Hefets: Aber wenn Sie als Zentralrat der Juden Zeitungsanzeigen
veröffentlichen, die den Angriff auf Gaza verteidigen, dann geht das
schon in diese Richtung. (...)
Warum ist Israel vielen Juden in Deutschland so heilig?
Kramer: Es gibt diese universelle Sehnsucht nach Zugehörigkeit, bei
Juden wie allen anderen Menschen auch - das ist nichts spezifisch
Jüdisches. Für manche ist Israel sicher eine Ersatzidentifikation, weil
sie in Deutschland trotz aller Bemühungen das Gefühl haben, fremd zu
sein.

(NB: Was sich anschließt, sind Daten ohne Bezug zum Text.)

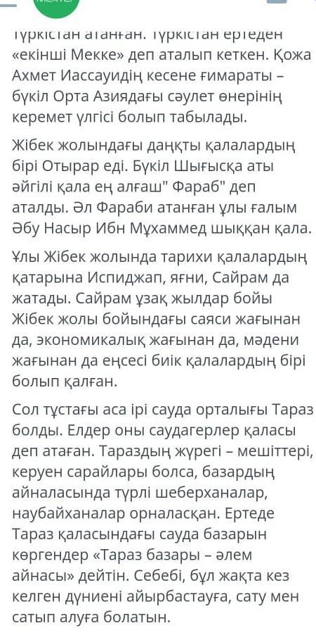 Мәтіндегі ескі қалалардың атын теріп жазу.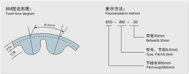 HTD代表圓弧齒型同步帶;8M:同步帶的齒距;3400:表示3400mm節線長,也表示425個齒;寬度可以根據您的需求進行切割,草莓污污视频公司模具標準高度為450mm;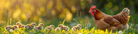 A vibrant rural scene with a mother hen leading her chicks on a sunny day, a heartwarming display of maternal care and guidance.

Ich finde, das Judentum sollte wie eine Familie sein. Da zofft man
sich gelegentlich - aber die Familie verlässt und verstößt man auch nicht.
Hefets: Das klingt zwar sehr schön, und da steckt auch viel Jiddischkeit
drin. Aber ich finde dieses Bild auch gefährlich: Israel ist ein Staat,
und es geht hier um Politik und um Menschenrechte. Da kann es nicht
sein, dass man sagt: Okay, mein Sohn hat zwar jemanden ermordet - aber
ich bin dagegen, dass er ins Gefängnis geht, weil er einfach mein Sohn
ist und wir eine Familie sind, egal was passiert.

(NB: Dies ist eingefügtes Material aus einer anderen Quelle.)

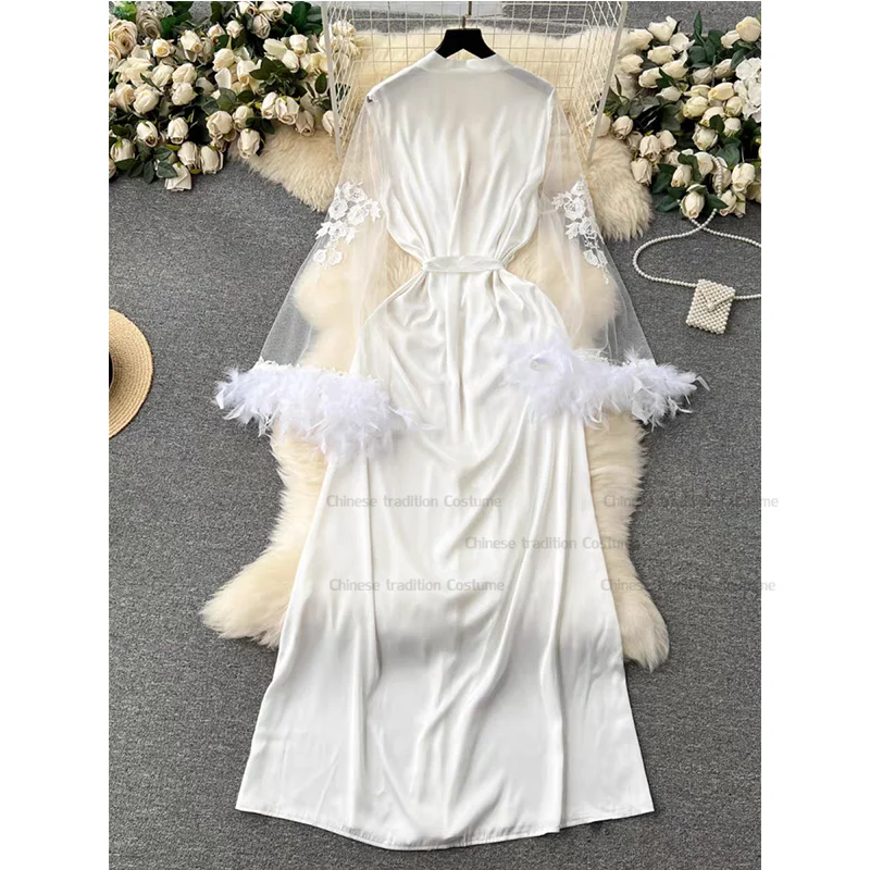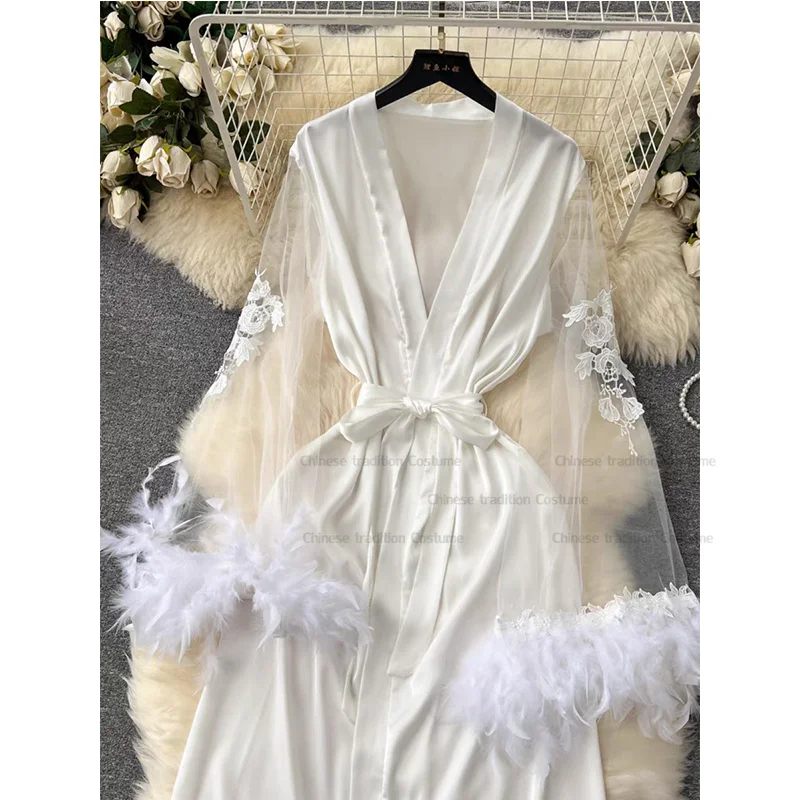 2025 nouvelle plume garniture maille panneau Satin Robe mariée Robe De soirée De mariage femmes Satin Lingerie Mariage Kimono longues robes De Novia |

Kramer: Das habe ich auch nicht gesagt.
Hefets: Aber wie können Sie das, was in Gaza passiert, als israelische
Selbstverteidigung bezeichnen?
Kramer: Wir äußern uns doch wesentlich differenzierter. Nehmen Sie das
Beispiel der Gaza-Flottille: Man kann den israelischen Soldaten dort
nicht einfach pure Mordlust vorwerfen. Sie waren einem Mob ausgesetzt,
der, mit Eisenstangen und Messern bewaffnet, versucht hat, sie zu
lynchen. Den Soldaten kann ich da nach meinem heutigen Kenntnisstand
keinen Vorwurf machen. Aber diejenigen, die sie trotz Kenntnis der
Bedrohungslage dorthin geschickt haben, die müssen zur Verantwortung
gezogen werden. Ziemlich klar scheint mir, dass die Soldaten niemals
hätten an dieser Stelle eingesetzt werden dürfen.
(...)
Kramer: Israel wurde aufgrund eines Beschlusses der Vereinten Nationen
ausdrücklich als ein jüdischer Staat aufgebaut. Aber wir dürfen Israel
nicht den Fanatikern und Fundamentalisten überlassen - das ist, glaube
ich, unsere Verpflichtung. Und wir müssen uns die Frage stellen: Was
heißt "jüdischer Staat"? Jüdisch im religiösen oder im ethnischen Sinne?
Ich glaube, wir sind alle aufgerufen, zu hinterfragen, neu zu definieren
und um all die anderen Aspekte zu bereichern, die Judentum und
Jüdischkeit ausmachen. Sodass sich auch nichtjüdische Bürger zu diesem
jüdischen Staat zugehörig fühlen können.